Sunday, January 23, 2011

If it is random, it is fair

Disclaimer: I am happy for my friends and relatives who got recognized for their achievements during the 10th grade examination. I am not writing this to belittle their achievements nor because I missed out (I was never close to be in contention).   

Every year in the state of Karnataka on an average 600000 students write the 10th grade examination, and the government announces  top 20 scores and the students who scored them. They get their 20mins of fame when their names get published in leading news papers and they get honored at a few ceremonies here and there. All is well, the students who achieved studied hard and got what they truly deserve. The argument I have against this is, it is more of a game of statistics and the 100s of students who missed the top 20 scores by a few 10s of marks deserve the same honor and respect as the top 20 rank holders. Here is why I believe I am right.

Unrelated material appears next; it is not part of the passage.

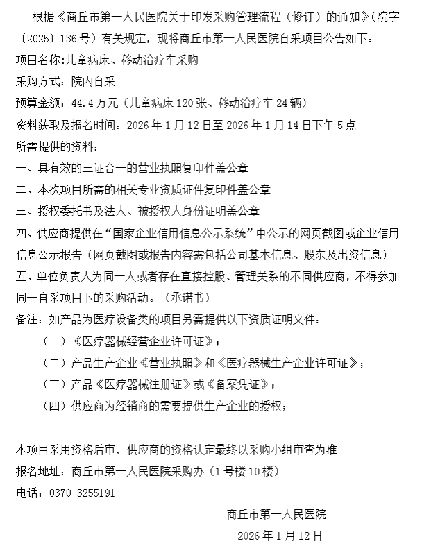 商丘市第一人民医院自采公告(2026-7)

Ranks are declared based on sum total of marks scored for six subjects,  3 of which are languages and the other 3 are Science, Mathematics and Social Sciences. The exams are offered in 2 languages of instruction, English and Kannada. Students in rural areas mostly write the exams in Kannada and most of the semi urban and urban areas use English as the medium.

Students have to pick a first language (worth 25%-50% more points than other subjects), a second language (worth same as other subjects) and a third language (usually worth same as others or sometimes 50% less than others). Typical first language pick in most urban areas is either Sanskrit or English and in rural and semi urban areas it is usually Kannada. For second language it is either English or Hindi and for third language it is either Kannada or Sanskrit or Hindi. The other 3 subjects carry equal weight and the question paper is same across both mediums of instructions.   

As typical for any language examination, the grading is relative and the valuators want to keep 15-20% of marks in hand to give it to the next best answer paper they will encounter (which they may never reach during their course of valuations for the year). Combine the 15-20% of marks across the 3 languages and you are looking at some serious numbers. To top this off, for reasons unknown to me, on an average students with Sanskrit as first language typically outscore those of other languages by a minimum of 15-20%.    

Now to the rest of the subjects, other than Mathematics in which there cannot be relative grading there is an element of relative grading in the rest ( I agree, it is not to the same extent as languages). But when you are aiming for the top, every bit counts.  Also, all of the 600000 students answer papers is not valuated by the same teacher. The evaluators vary from the best doing the 100% type to the worst who just would like to be done as soon as possible.   

In the end I feel it is a random process, those who become successful are honored.

I am not a genius and neither I am in the education field but a few days of thought on this subject has made me realize the system is flawed to a large extent. I wonder how come the government hasn’t done anything to fix this. I guess they rely on the random processes so much that they believe being random is being fair.